▶ _TO DO_: Send back the data below exactly. Drop every picture.

▶ _MATERIAL PROVIDED_:
▼▼▼

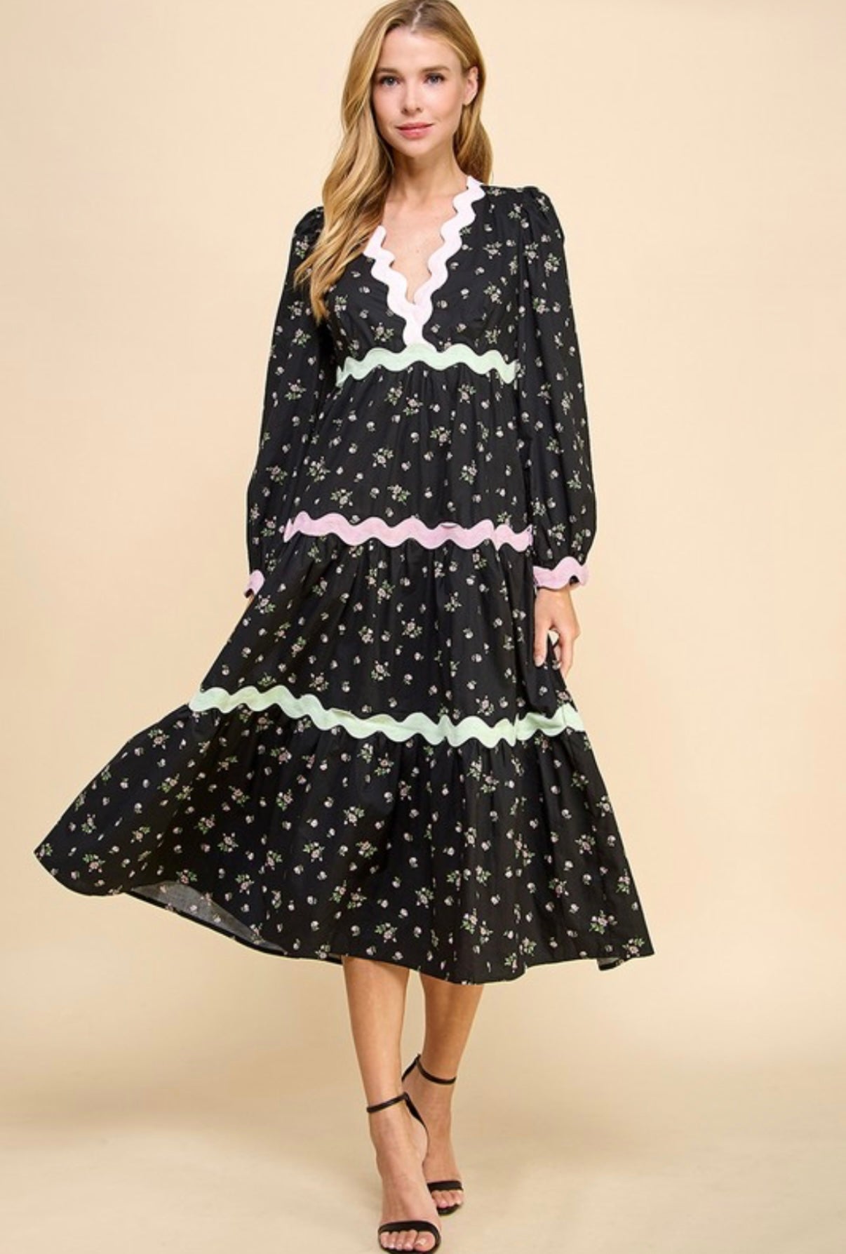 Pair this floral tiered midi dress with simple flats or block heels for a clean and classic look. It’s an ideal choice for church services, luncheons, or daytime gatherings where timeless modesty meets effortless style.
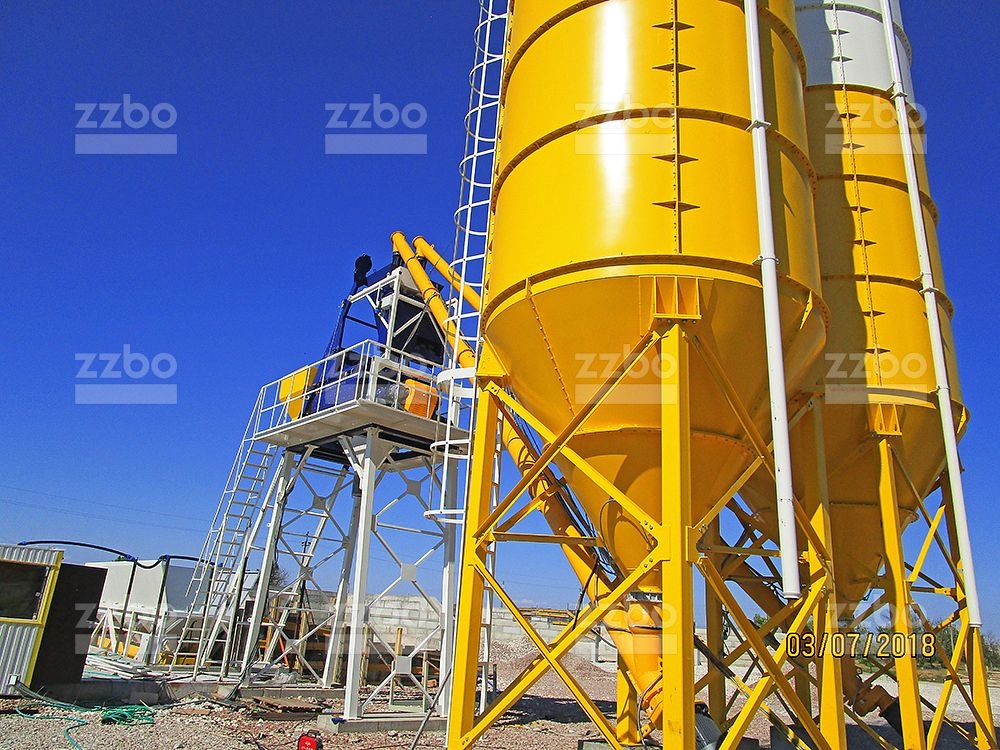 Цемент складируется в специальном складе — силосе цемента (не входит в базовую комплектацию). Силос для цемента необходимо подбирать из расчета двух суточного запаса по производительности. Для подачи цемента из силоса в дозатор цемента необходимо приобрести шнек нужной длины.
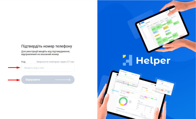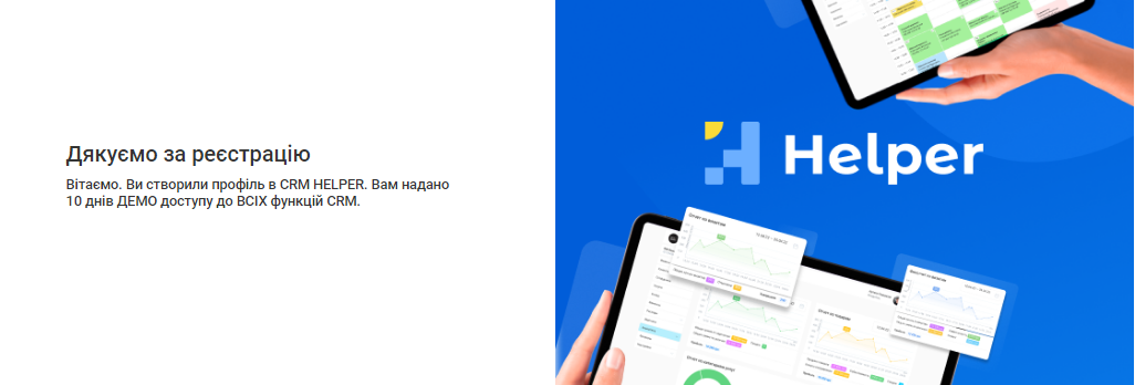 Ваша реєстрація у Helper CRM успішно завершена. Тепер ви можете увійти до свого облікового запису та почати налаштування першого філіалу.
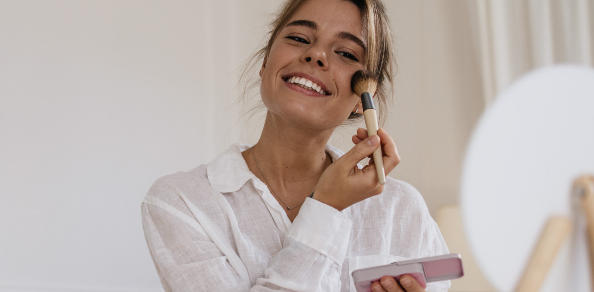 Con una brocha grande y suave, aplicándolo de manera ligera y difuminada. Es mejor aplicar poco a poco que excederse y tener que corregir.

▲▲▲

▶ _EXERCISE ANSWER_:
 Pair this floral tiered midi dress with simple flats or block heels for a clean and classic look. It’s an ideal choice for church services, luncheons, or daytime gatherings where timeless modesty meets effortless style.
 Цемент складируется в специальном складе — силосе цемента (не входит в базовую комплектацию). Силос для цемента необходимо подбирать из расчета двух суточного запаса по производительности. Для подачи цемента из силоса в дозатор цемента необходимо приобрести шнек нужной длины.
 Ваша реєстрація у Helper CRM успішно завершена. Тепер ви можете увійти до свого облікового запису та почати налаштування першого філіалу.
 Con una brocha grande y suave, aplicándolo de manera ligera y difuminada. Es mejor aplicar poco a poco que excederse y tener que corregir.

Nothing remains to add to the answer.